I think there is a small error in the final lines of l2_error. Indeed, this line:

upper_tail_err_2_approx = lognorm.sf(x_full[-1], sigma)

computes 1-F(x), with F being the CDF of the lognormal distribution and x the upper bound of the mapping. This is thus equal to the integral from x to +inf of f(x)dx, by definition of the CDF. However, the integrand should be f^2(x) instead of f(x). Since this is the tail of the distribution, this doesn’t change the computation much though.

However, I have a problem with this method of computation, which is that, if I’m not mistaken, it tends to be slightly inaccurate for large intervals. For instance, for a single qubit in uniform superposition with mapping (0, 1, 2), the approximation function should be equal to .5 on [0, 2] and 0 elsewhere. With this method of computation, it is equal to 0 between 0 and .5, to .5 between .5 and 1.5 and to 0 elsewhere, as shown here (I’ve changed plt.plot(full_pdf) and plt.plot(approx_pdf) to plot them as function of x_full):
Screenshot_20220531_040633

For small intervals, this difference in computation is negligible. However, I do have a solution which uses a fairly large interval. I’m using this code to compute the L2 Norm:

import numpy as np
from scipy.integrate import quad

def error(p, x):
    p = np.array(p)
    x = np.array(x)
    assert all(p >= 0)
    assert np.isclose(sum(p), 1)
    assert all(x >= 0)
    assert all(np.diff(x) > 0)
    assert len(p) + 1 == len(x)
    err_squared = quad(lambda x: lognorm.pdf(x, s=0.1) ** 2, 0, float("inf"))[0]
    diff = x[1:] - x[:-1]
    err_squared += np.sum((p ** 2) / diff)
    temp = np.array([quad(lambda x: lognorm.pdf(x, s=0.1), x[i], x[i + 1])[0] for i in range(x.shape[0] - 1)])
    err_squared -= 2 * np.sum(p * temp / diff)
    
    return np.sqrt(err_squared)

This formula can be found by expanding the square within the integral and then use linearity. I do believe that this code is correct to compute the L2 norm, but I’m no expert in that field, please feel free to point me any error you’d see!

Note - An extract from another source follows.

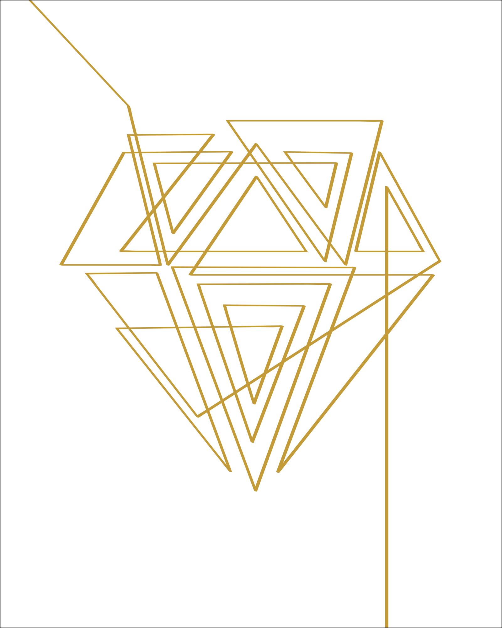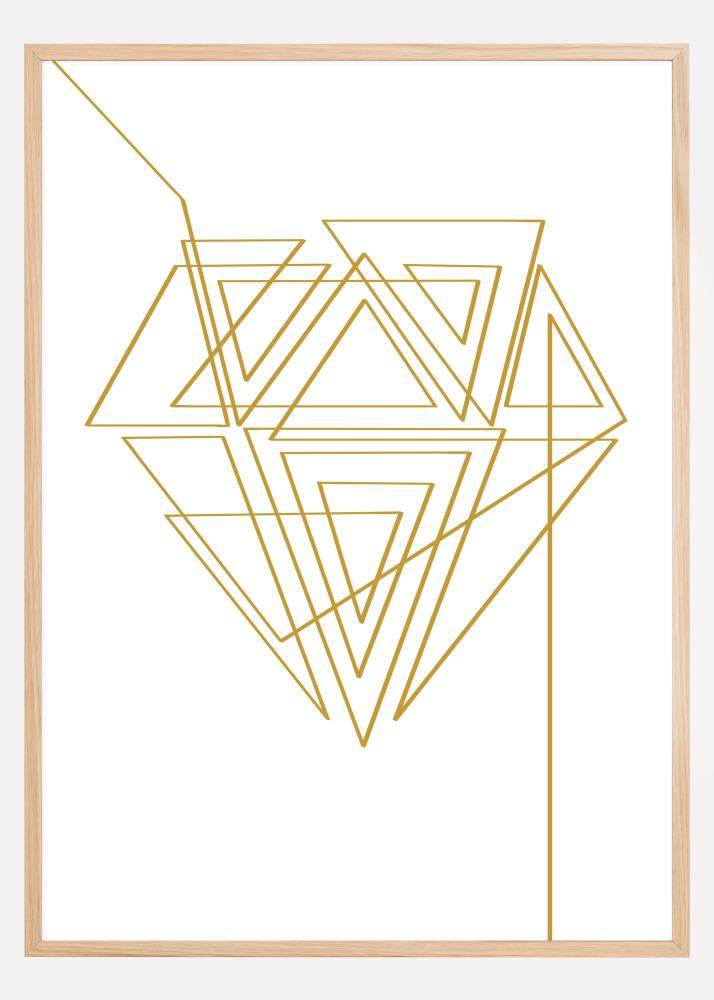 Un poster abstrait d'un diamant composé de lignes géométriques dorées. Ce diamant est astucieusement créé à partir de diverses formes triangulaires, mais le tout en une longue ligne ininterrompue. Suivez la ligne et voyez si vous pouvez démêler le motif complet. Cette affiche sur fond blanc est idéale sur un mur crème ou doré.

Assuming this code is correct, my problem is that a solution of mine has an error below the threshold using this code but above the threshold using the provided code. Thus my question is: can we compute the L2 norm in another way that the one which is given here, if we prove that the associated computation is correct? Or do we have to use this implementation?

Thank you in advance for your answer!

QubitGuy · May 31, 2022, 8:20pm

Regarding your first question, the SF function is used as an approximation for the integration to infinity since in numeric integration you need to cut somewhere.

Regarding the second question, there is indeed a mistake in the code :

x_approx = np.concatenate(([x_approx[0]], x_approx, [x_approx[-1]])
Should be:

x_approx = np.concatenate(([x_grid[0]], x_approx, [x_grid[-1]]))

Your code seems OK and you may use any method he wishes.

nnemkov · June 2, 2022, 7:36am

Hi there!

I’ve made a simple jupyter notebook that you can open in Colab, which computes the L2 error by three different methods, one due to @QuantumSage another due to @tnemoz and the last one I wrote myself. I think mine might be the most accurate one because I used analytic equations for integrals of the lognormal distribution Though, for fine enough discretization the difference is negligible.

I mostly made this notebook to help reviewers check my solution, but post it here in case it can be useful for anyone else.